Mr. Newman rents a place in the Hamptons every summer and writes out there. He has an assistant who drives him around in a rented Lincoln Town car. He said he once took Al Sharpton to the hospital after he was stabbed and met with Louis Farrakhan twice.

"I found him a very personable, decent man," he said. "I didn't have any sense at all of him being anti-Semitic."

Mr. Newman ordered a piece of rye toast and a mint tea with lemon. "I can't really eat anymore," he said. "I used to be bigger and much heavier. I barely eat now."

He never wears coats in the winter. He's social, likes people coming over, but doesn't like getting dressed up.

"Gabrielle wanted to put some gel in my hair, so I look better, and I still find that unpleasant," he said.

Mr. Newman likes bluegrass music, plays a little piano and guitar. Carousel may be his favorite musical. He doesn't like Mayor Giuliani.

"I think he's taken too much credit and he's been racially divisive," he said. "I don't think he's a particularly good man."

He wishes the Giants and Dodgers were still in New York. And he's always loved sex: "I've always enjoyed it and always had an appetite. I wouldn't describe it as in any way abnormal. I think I've had sex as often as the situation called for and the other person wanted it and I wanted it, ha-ha! I think of myself as a sexual person. I like to think I'm not as abusive as men [can be]. Maybe that's not true, not for me to say. I work hard not to be abusive toward women, I have a high regard for women. Women have played a really important role in my life. A lot of the good work in the creating of the community has been done by brilliant and powerful women."

In American history, he admires Eugene B. Debs and is "a little partial" to Thomas Paine. He hopes the American people pick up the issue of political reform.

"I live well," he said. But he claimed he wasn't even sure if he has a bank account, and said he doesn't know what an A.T.M. is. His assistant gives him money. He said he has made a fair amount from therapy, but put his personal net worth at less than a million. In fact, it's "nothing," he said.

He lives in an ivy-covered brownstone in Greenwich Village, which he co-purchased with a female friend for $920,000 in 1993. Mr. Newman lives in a unit with Ms. Kurlander. The rest of the place is occupied by two men and nine women, some of whom Mr. Newman has been involved with over the years.

"I feel very good and proud about it," he said. "I think it's disgraceful the way people who have intimate relationships break up and then hate each other for life. I find that very offensive."

I said his living arrangements sounded like every man's dream.

"These are my dearest, dearest friends and colleges, co-workers," he said, "who've invested millions of hours to build the All-Stars Talent Show Network. That's who we're talking about here, and many of these people are women, and in the case of some of them, but not all of them, we've been close in all kinds of ways, including physically, and I feel thrilled about that."
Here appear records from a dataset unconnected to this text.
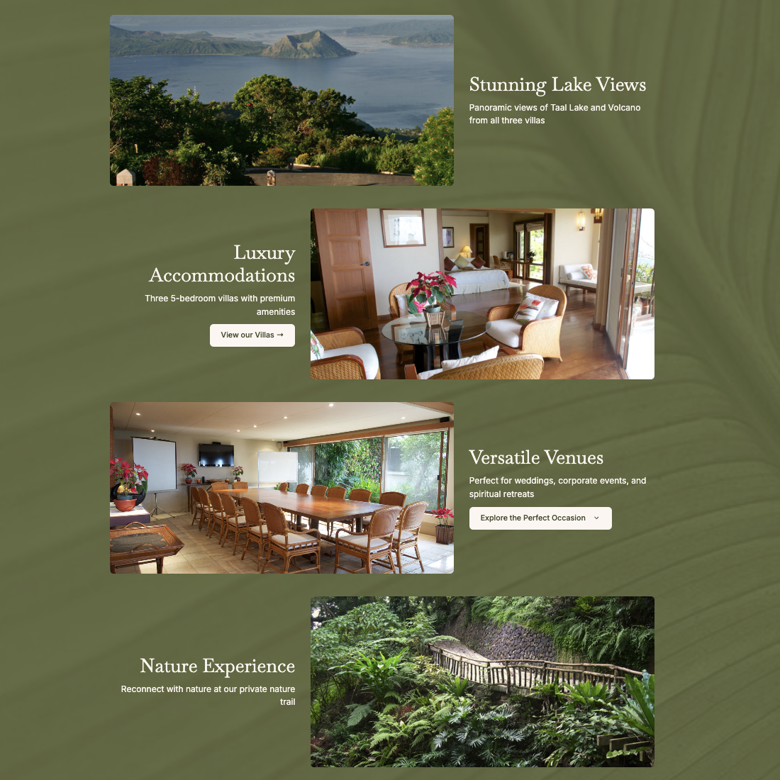 Modern, SEO-optimized website for a multi-purpose event space venue in Tagaytay, streamlining inquiries and showcasing amenities.
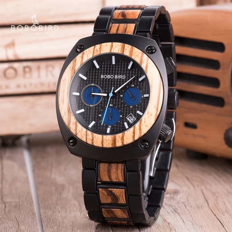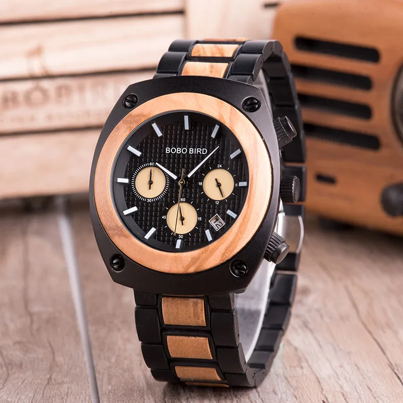 Мужские часы BOBOBIRD, часы из дерева и нержавеющей стали, секундомер, хронограф, часы, мужские часы в подарочной коробке, L-T08
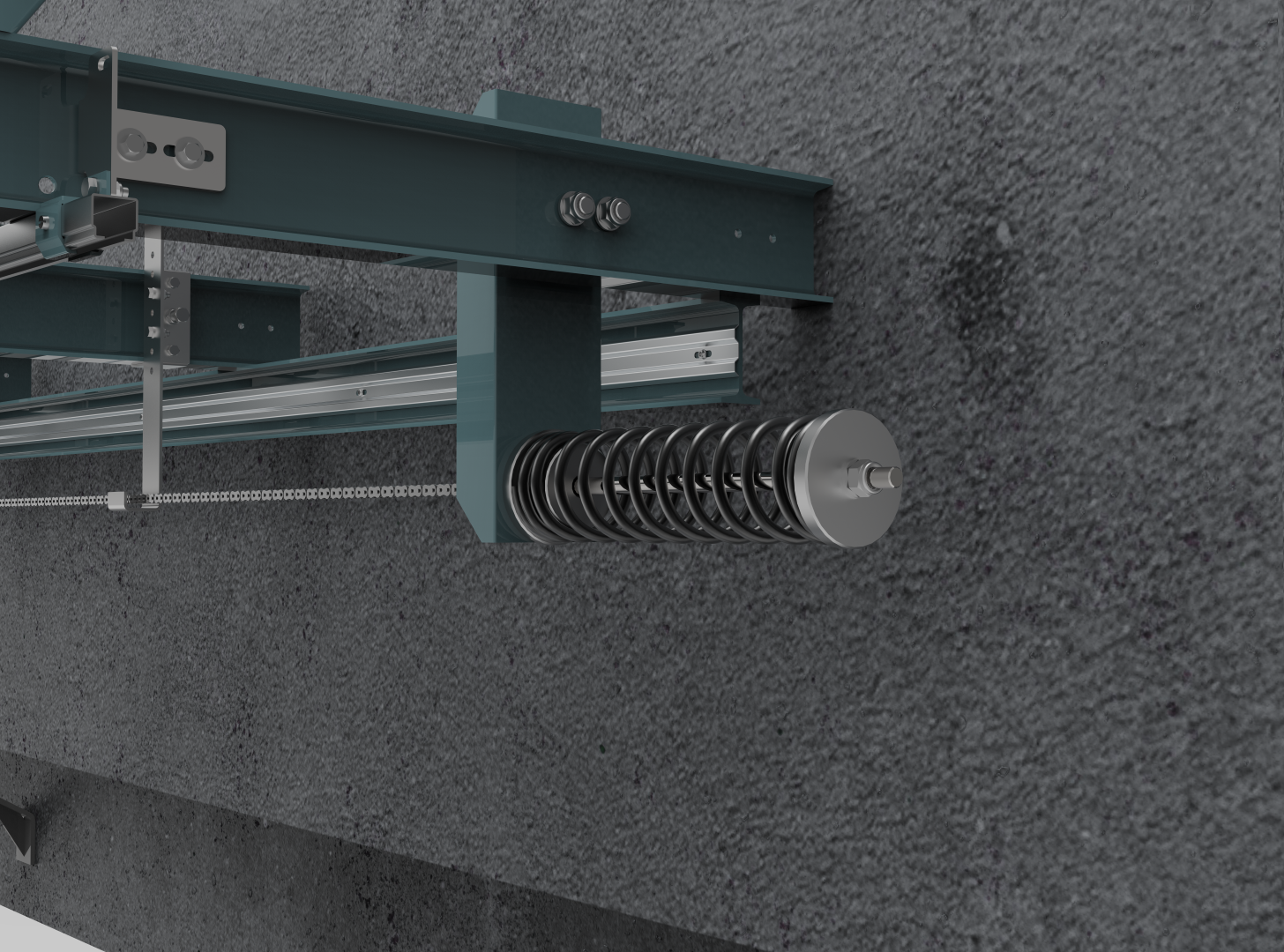 Här används en kedja från ena till den andra änden av rälssystemet där portlyftaren hänger. I ena änden är kedjans infästning ansluten till ett fjädrande kedjefäste och i den andra änden ett fast kedjefäste.
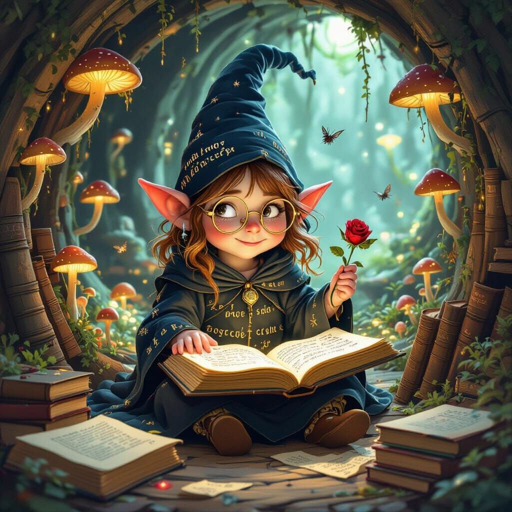 This image shows a forest gnome dressed as Belle surrounded by enchanted books and mushrooms. The softly glowing image is reminiscent of mystical realism with futuristic detailing and whimsical character design.
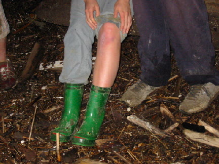 Nora had a little accident off the swing (but those frog boots are cool). |
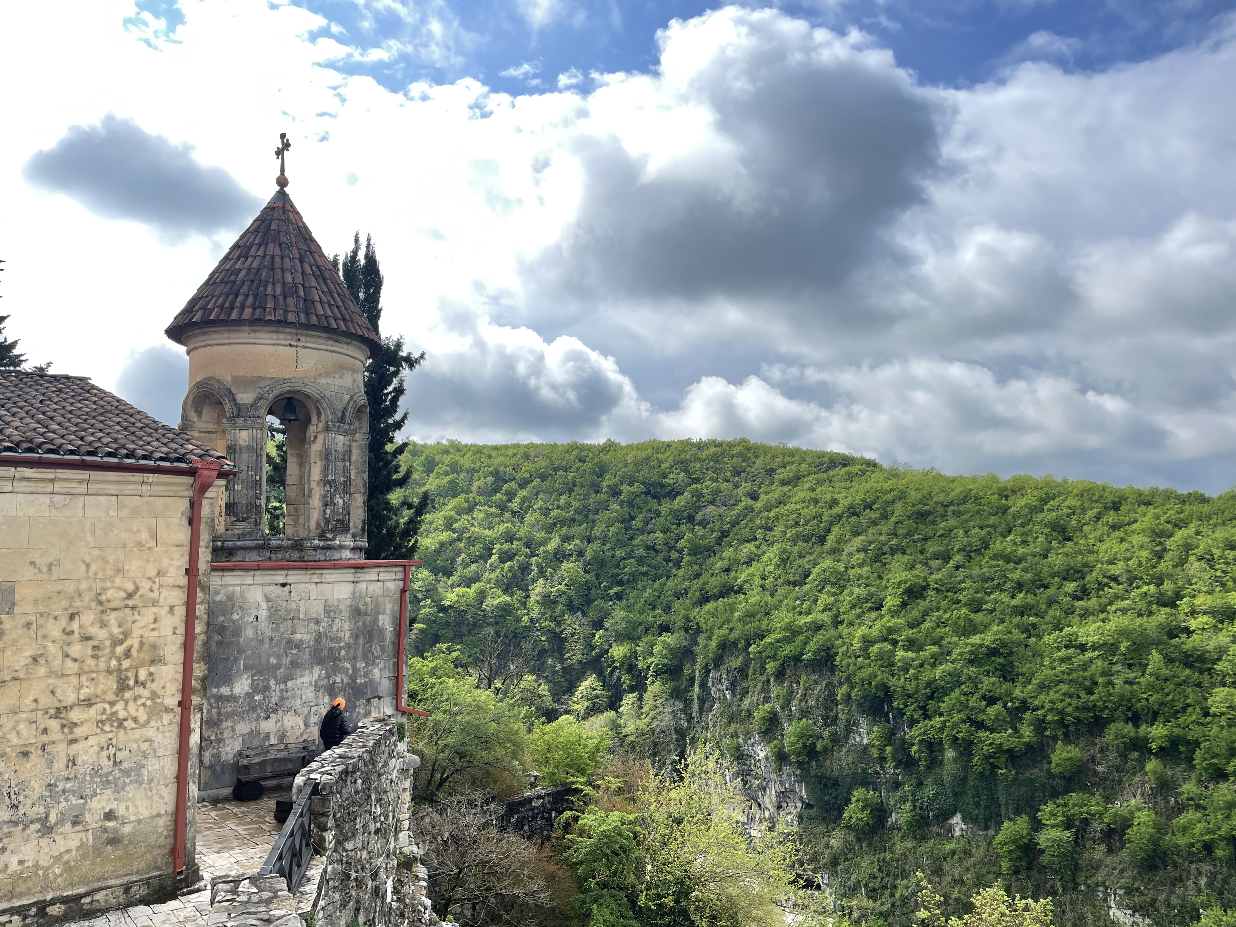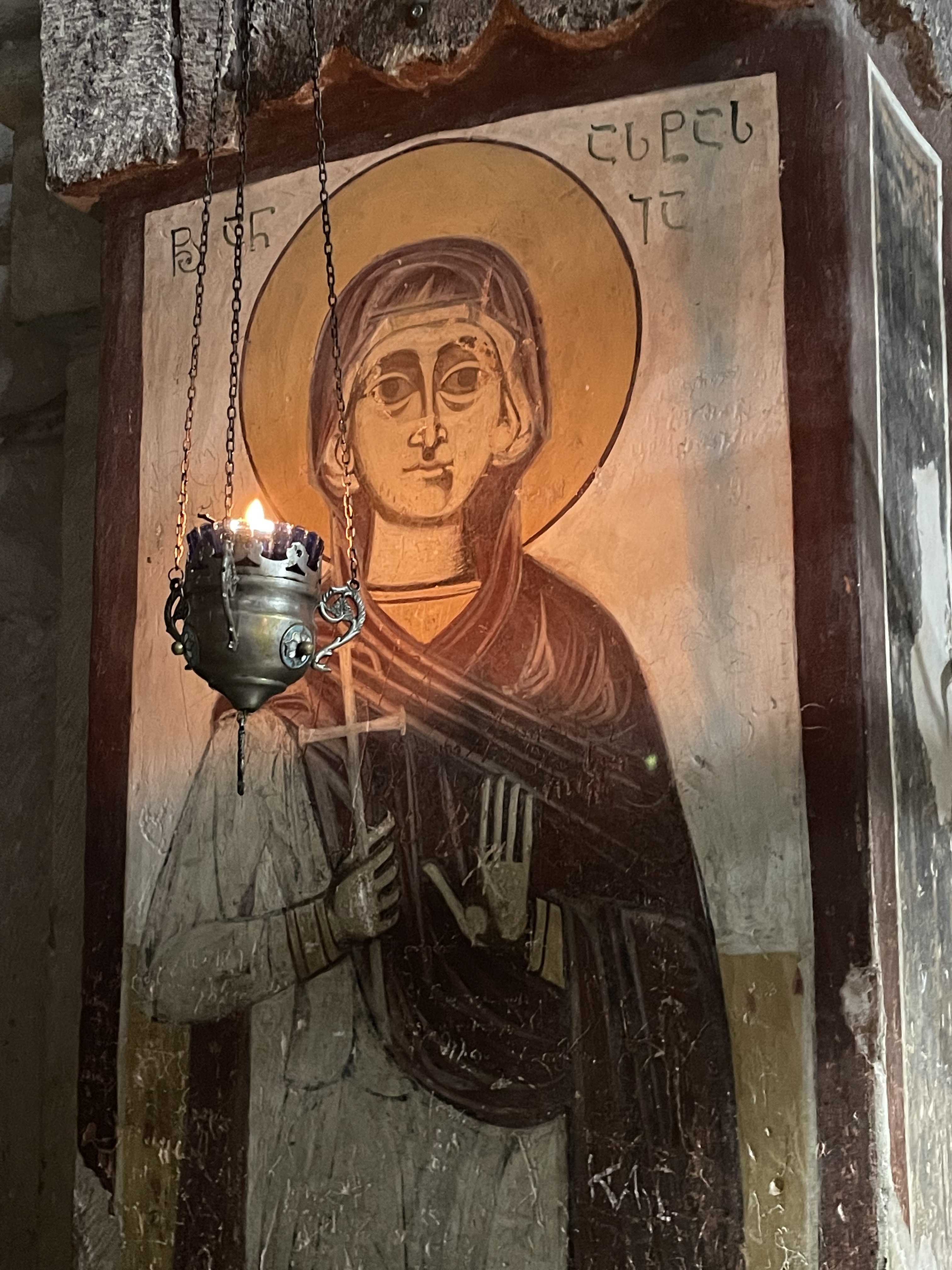 Motsameta is pretty, dark aged stone (again) atop an outcropping and (again) at a dramatic bend in a river. It is all done to lovely effect, and inside the main church building the monks, dark robed with flowing beards, chanted and shook incense in their censers. The scent mixed with the candles, always the churches have lit candles, filling the space with smoke. Frescoes adorned every surface, and I was grateful here to have a local guide. It is always awkward to walk into these sacred spaces – even when they don’t mean anything to me personally, I do want to be respectful. My guide takes this a step further, and as we walk back up to the parking lot, he shakes his head at the many cars that drove down the path to the church. This is apparently a local faux pas, and he tsks to me about the ‘fake religious’ sorts who do this, going so far as to take some time on our way out to close up the gate at the parking lot against further transgressors. How the cars already past the gate will get out, I am not sure.

He continued: "It's not a harem of people, it's a collection of human beings, some of whom are brilliant psychologists, heads of medical services of Long Island community hospital, vice presidents of major companies. That's who they are, and they have an integrity as that. They're not just women to have sex with."

After we'd been talking about an hour, Mr. Newman told me he cries fairly often.

"I cry every time I see movies," he said. "I'm a movie crier, I cry all the time. I certainly cried during Gods and Monsters. I thought that was very touching, their relationship. I'm kind of a sucker for romantic kind of things. When movies get touching and romantic, I cry. There's a movie with Richard Gere and Julia Roberts, their comeback movie."

It was time for a nap before dialysis.

"It's been a good life," he said. "I've been very fortunate and I don't mind talking about it."